Wonder Girls is a richly detailed and meticulously crafted novel. Catherine Jones executes flawless shifts in narrative and timeline in order to construct dual stories that gradually begin to dovetail in rather unexpected ways. This is that special kind of storytelling in which seemingly unconnected threads are drawn slowly together and tied up so neatly and satisfyingly that it seems like magic. It’s one of those novels in which everything plays out just right. The pacing is perfect, each part of the story unfolding exactly as it ought to and yet somehow never quite in the way that you predicted it would.
But where Catherine Jones really excels is in portraying the strong relationships between her characters and conveying the curious blend of pain and joy that comes from truly loving someone, whether it’s a best friend, a kindred spirit, an adopted daughter or the love of your life. Catherine Jones skilfully maps out a journey of love through a series of transformations, beginning with the fierce and all-encompassing love that is forged between childhood best friends and then moving on to explore the heartsick longing as friendship deepens into unrequited love. She covers basically every kind of love that can exist between women, from the selfless love of motherhood to the strong bonds of sisterhood, the fluttering euphoria of first love to the tragedy of love that goes unspoken.
Wonder Girls is a story that is at times tragic and painful, while at others triumphant and uplifting. It’s a story about best friends who were bold and fearless in the pursuit of their dreams. At the same time, it’s a story about an old woman who stole a baby when she was young and then spent decades trying to solve the mystery behind the baby’s mother.
But most of all, Wonder Girls is a story about girls being awesome. I’d recommend it for any little girl who has ever dreamt big, or for anyone (boy or girl) who has ever cherished a dream that seemed impossible.
Overall, this is a very impressive debut from an author I’ll be looking out for in future.
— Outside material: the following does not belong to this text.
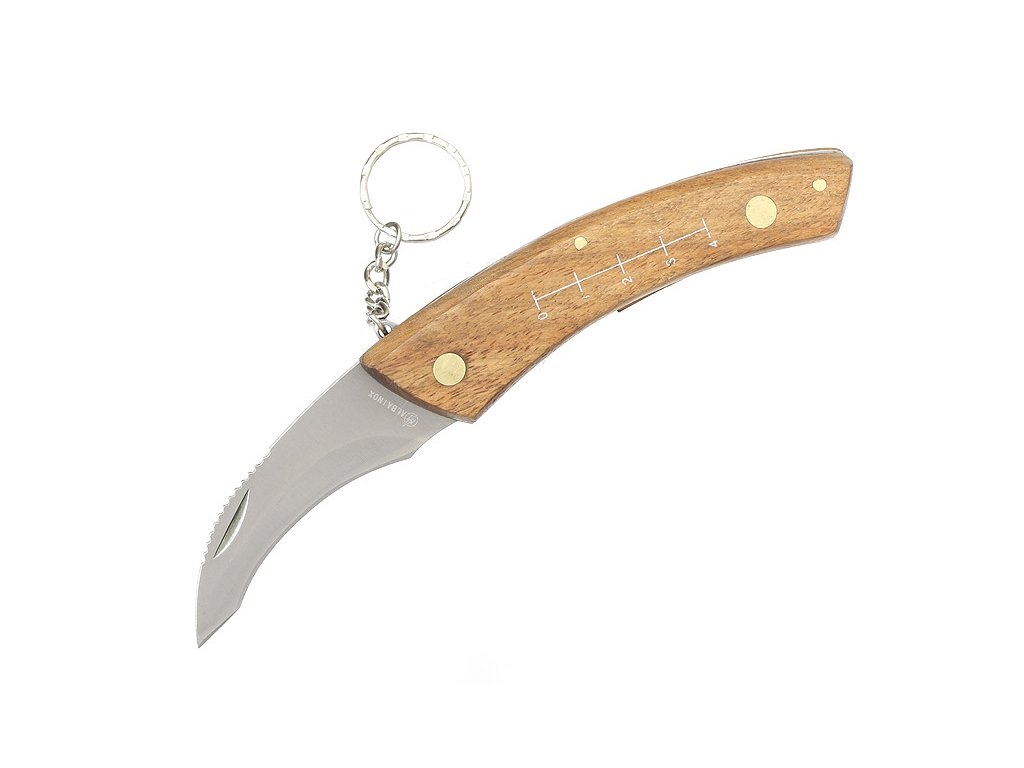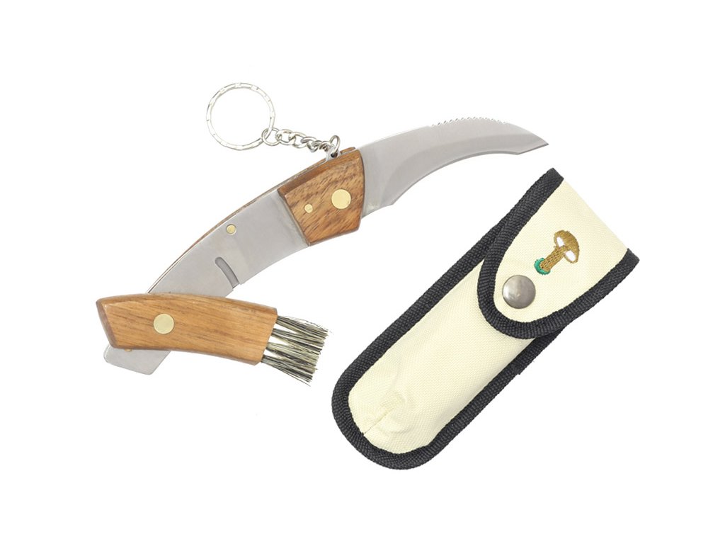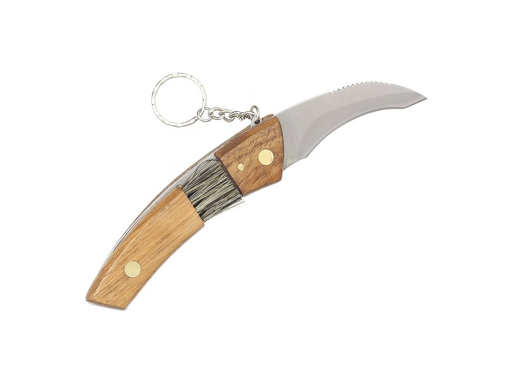 Houbařský zavírací nůž Albainox s vyklápěcím štětečkem. Dřevěná rukojeť je opatřena mini měřítkem do 4 cm.

From the publisher: ‘Don’t follow the crowd,’ she’d be telling schoolgirls at the swimming baths. ‘Follow your own star and when you have achieved your goal you will have that with you for the rest of your life…’
In 1928, a plucky young Welsh girl named Ida Gaze swims the Bristol Channel with the help of her best friend Freda and the inspiration of her heroine Amelia Earhart.
In 1937, on the instructions of the matron, a young skivvy at a grand maternity hospital in London smuggles out an orphaned baby on one of the coldest nights of the year.
Now, in a small town in Wales, an old lady named Ceci pieces together these stories and is about to discover the surprising ways in which they link to her own. It begins with two girls in the twenties who left their small Welsh village for the Big Smoke, feeling that the world was changing and everything was possible…
About the Author
After studying English Literature at universities in Wales and the USA, Catherine Jones worked as a journalist in print, TV and PR. She was born in England, has lived in many different countries, and now makes her home in Wales. She works in the sale room of an auction house and thinks mainly about writing, inspired by the fascinating letters, diaries and trinkets that her work brings her into contact with.